#### Requirement
Transcribe the stretch of entries below from the line with "Blonde bombshell Haley" through the line with "사항 | 위생용품 |", exactly and with both ends included; leave out all other lines.

----------------

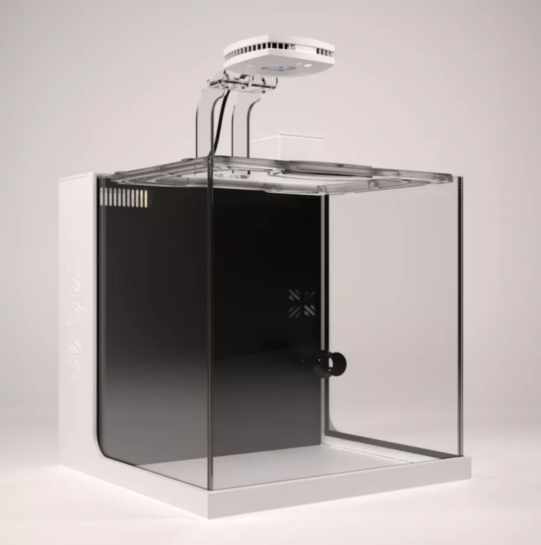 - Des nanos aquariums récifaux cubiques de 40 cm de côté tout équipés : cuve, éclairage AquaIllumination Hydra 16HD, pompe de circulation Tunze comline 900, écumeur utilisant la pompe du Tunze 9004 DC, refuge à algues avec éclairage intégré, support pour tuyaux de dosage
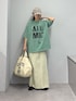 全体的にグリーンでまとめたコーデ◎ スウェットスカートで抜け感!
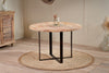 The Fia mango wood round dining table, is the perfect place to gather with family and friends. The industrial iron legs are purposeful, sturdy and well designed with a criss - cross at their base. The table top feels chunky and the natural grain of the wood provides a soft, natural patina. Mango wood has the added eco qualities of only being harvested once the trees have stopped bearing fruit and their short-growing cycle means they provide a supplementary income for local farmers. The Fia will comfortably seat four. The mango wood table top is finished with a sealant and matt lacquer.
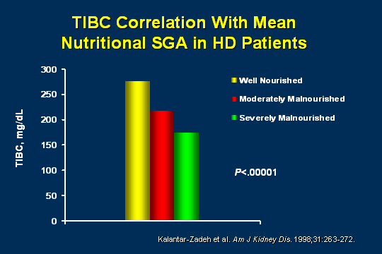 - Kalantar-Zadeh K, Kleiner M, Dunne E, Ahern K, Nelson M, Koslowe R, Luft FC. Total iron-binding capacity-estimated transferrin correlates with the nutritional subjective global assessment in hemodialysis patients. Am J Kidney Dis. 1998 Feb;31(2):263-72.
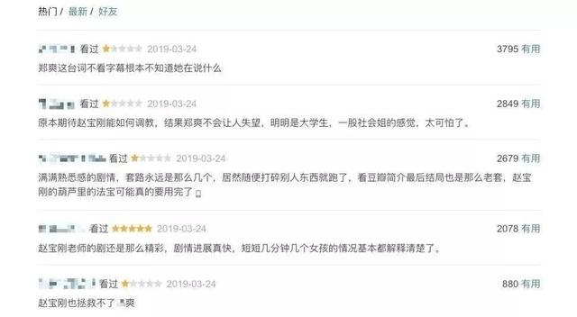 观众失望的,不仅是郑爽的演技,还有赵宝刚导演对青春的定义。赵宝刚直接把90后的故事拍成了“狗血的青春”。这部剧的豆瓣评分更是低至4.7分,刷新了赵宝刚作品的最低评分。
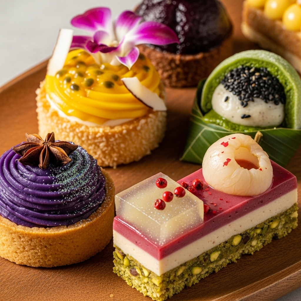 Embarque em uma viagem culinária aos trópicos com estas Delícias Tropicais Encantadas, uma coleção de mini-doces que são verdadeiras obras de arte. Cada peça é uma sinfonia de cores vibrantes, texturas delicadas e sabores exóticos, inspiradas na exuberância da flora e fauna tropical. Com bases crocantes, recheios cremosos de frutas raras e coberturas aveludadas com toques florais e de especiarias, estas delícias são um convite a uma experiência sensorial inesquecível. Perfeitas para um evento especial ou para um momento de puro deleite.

----------------

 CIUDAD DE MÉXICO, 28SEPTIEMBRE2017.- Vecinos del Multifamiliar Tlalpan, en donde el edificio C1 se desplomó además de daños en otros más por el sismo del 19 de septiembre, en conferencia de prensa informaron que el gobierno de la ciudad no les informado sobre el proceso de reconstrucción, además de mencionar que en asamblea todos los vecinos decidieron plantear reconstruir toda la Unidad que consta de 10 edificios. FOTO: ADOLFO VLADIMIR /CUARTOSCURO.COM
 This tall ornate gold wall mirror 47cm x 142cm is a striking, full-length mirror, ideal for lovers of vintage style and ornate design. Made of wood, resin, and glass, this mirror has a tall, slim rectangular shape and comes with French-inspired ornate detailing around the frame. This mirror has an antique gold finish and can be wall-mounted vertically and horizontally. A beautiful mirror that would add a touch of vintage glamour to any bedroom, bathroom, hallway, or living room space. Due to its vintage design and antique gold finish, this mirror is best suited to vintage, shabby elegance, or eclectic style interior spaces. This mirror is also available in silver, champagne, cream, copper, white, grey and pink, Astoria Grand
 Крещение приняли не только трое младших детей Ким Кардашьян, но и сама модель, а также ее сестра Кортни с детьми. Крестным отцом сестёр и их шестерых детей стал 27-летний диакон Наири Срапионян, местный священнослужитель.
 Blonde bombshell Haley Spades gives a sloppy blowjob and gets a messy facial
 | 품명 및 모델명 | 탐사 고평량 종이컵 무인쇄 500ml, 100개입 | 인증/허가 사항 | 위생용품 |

----------------

#### Response below
 Blonde bombshell Haley Spades gives a sloppy blowjob and gets a messy facial
 | 품명 및 모델명 | 탐사 고평량 종이컵 무인쇄 500ml, 100개입 | 인증/허가 사항 | 위생용품 |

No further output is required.